Les jours passant, nous en avons appris un peu plus sur Justin P., 16 ans, auteur de l'attaque au couteau survenue le jeudi 24 avril dans l'enceinte du lycée Notre-Dame de Toutes-Aides, à Nantes. Une jeune fille de 15 ans, Lorène, est décédée "devant sa classe" a déclaré le procureur de la ville, massacrée d'après l'autopsie de "57 coups de couteau."  Nous vous épargnons les autres détails donnés lors de cette conférence de presse tant ils sont atroces. Trois autres garçons ont subi la fureur de l'adolescent, dont l'un, placé en réanimation, n'est plus en danger de mort à l'heure actuelle. 
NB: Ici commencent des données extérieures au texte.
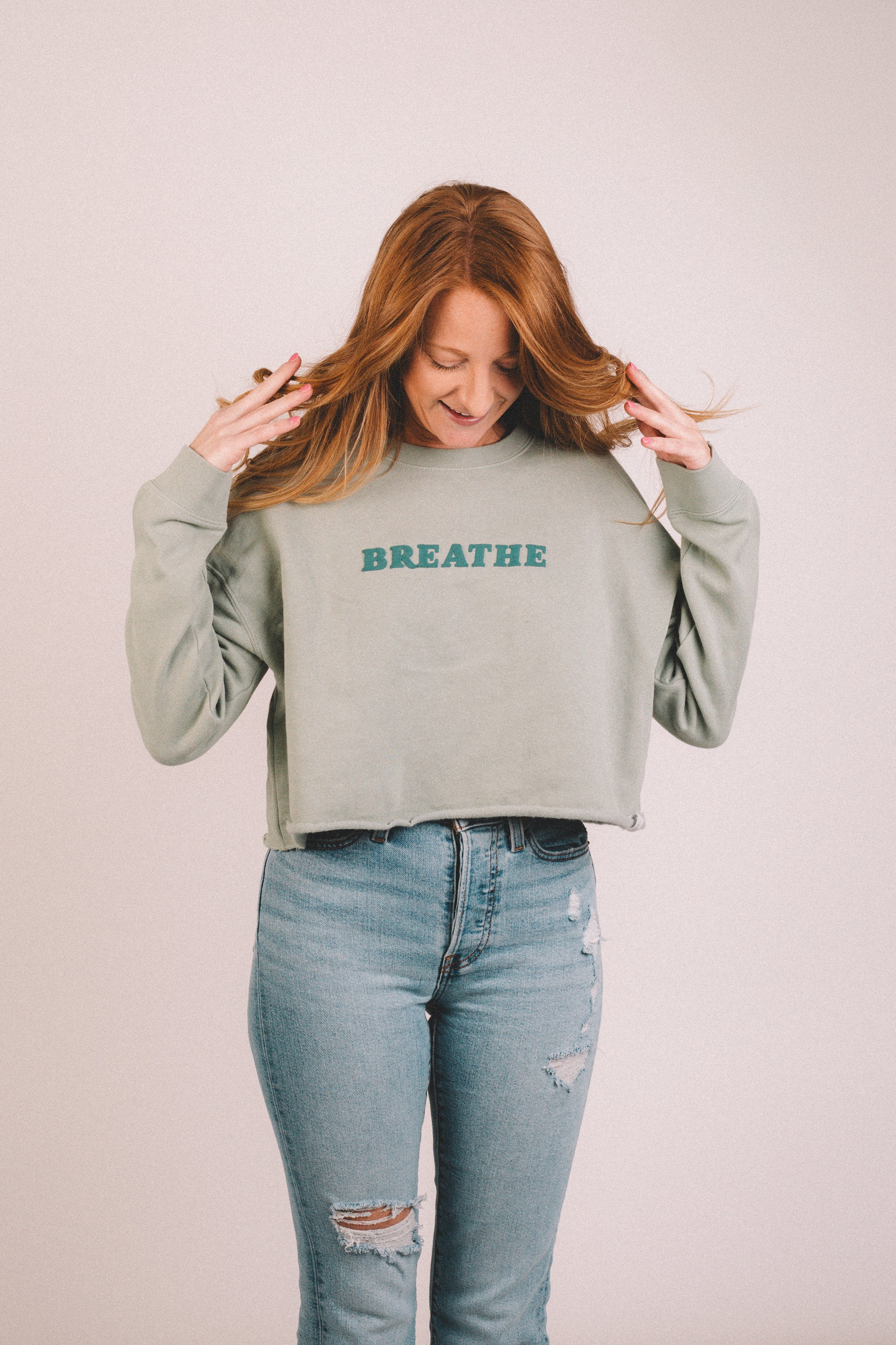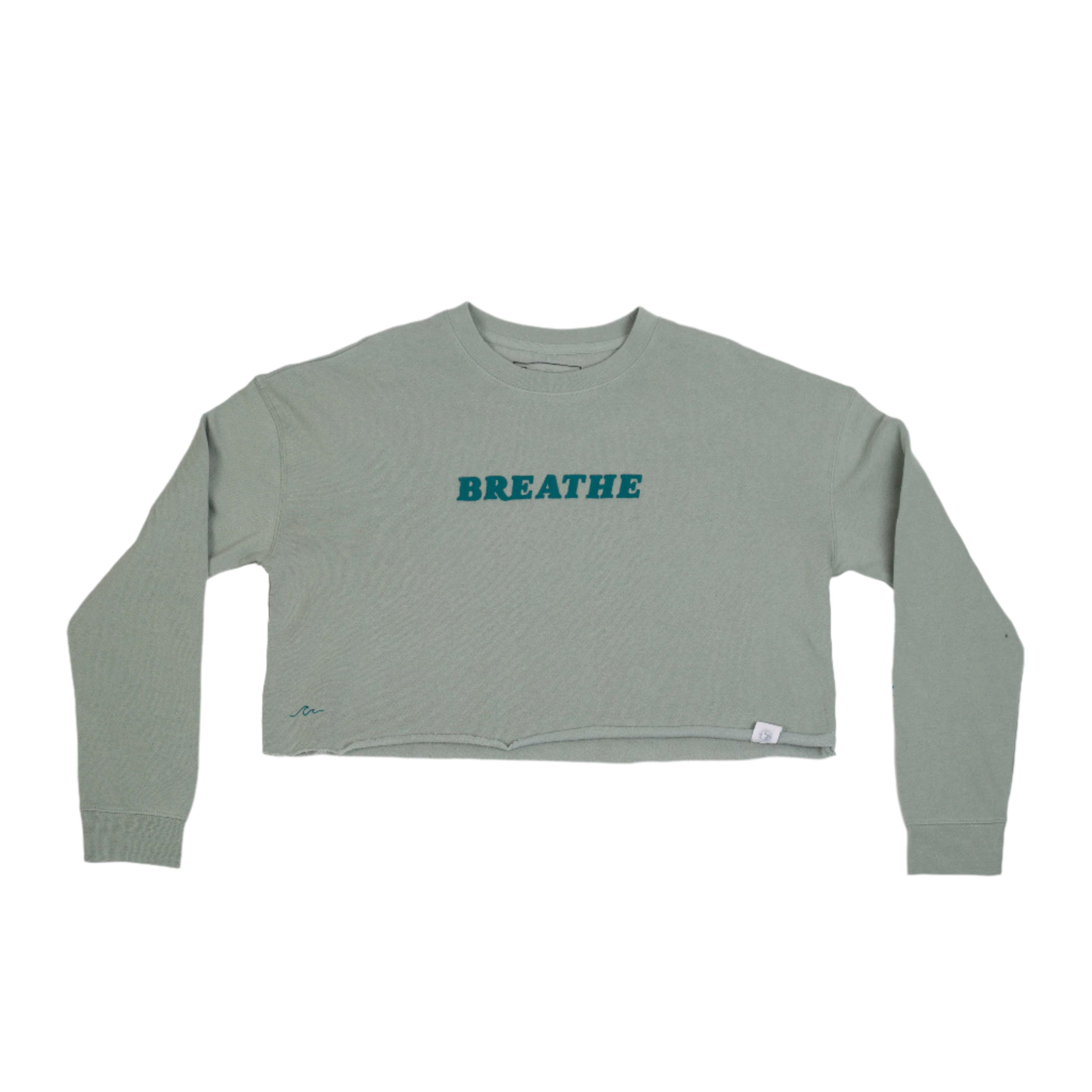 The BREATHE Women’s Cropped Crewneck in sage features a combination of puff and screen print decoration, with designs placed at the center chest, left wrist, and right front hip. Additional screen-printed details appear inside the front left hem and interior neck label. Finished with a pinch tag, this cropped silhouette offers soft comfort and a mindful touch.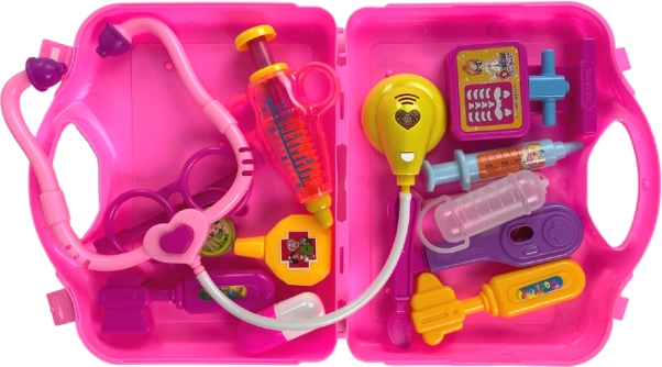 Adorable mallette médicale rose pour petits docteurs, offrant des heures de jeu créatif et d’apprentissage. Elle contient des instruments en plastique sûrs et un stéthoscope lumineux dont le petit cœur s’allume lorsqu’on l’approche. Les enfants exercent leur motricité fine, leur imaginaire et surmontent plus facilement la peur de la visite chez le médecin. Le tout est rangé dans une mallette portable pratique.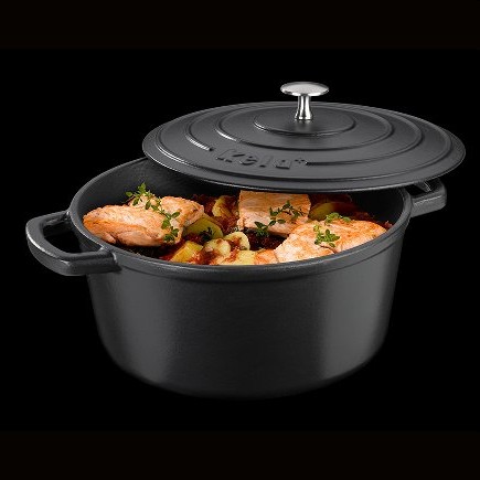 Runder Bräter Calido in Schwarz: Er zeichnet sich aus durch eine Emaille-Beschichtung sowohl innen als auch außen.

Peut-on conclure à "un fait de société" comme Bruno Retailleau ?

Arrivé sur place, le ministre de l'Intérieur Bruno Retailleau a quelques heures plus tard, dans une tirade faite devant les journalistes, glosé l'ensauvagement de la société, la perte d'autorité et autres travers actuels de notre pays, et parlé de "fait de société." Mais est-ce bien le cas comme nous posions la question le lendemain ? Car plus les informations nous parvenaient sur le profil très inquiétant du jeune homme, plus le doute était permis (le ministre a, d'ailleurs dans la soirée, nuancé ses propos, évoquant un "fait isolé") . Aussi, nous avons demandé à Johanna Rozenblum, psychologue clinicienne, auteure et consultante santé pour BFM TV, une première analyse de ce profil.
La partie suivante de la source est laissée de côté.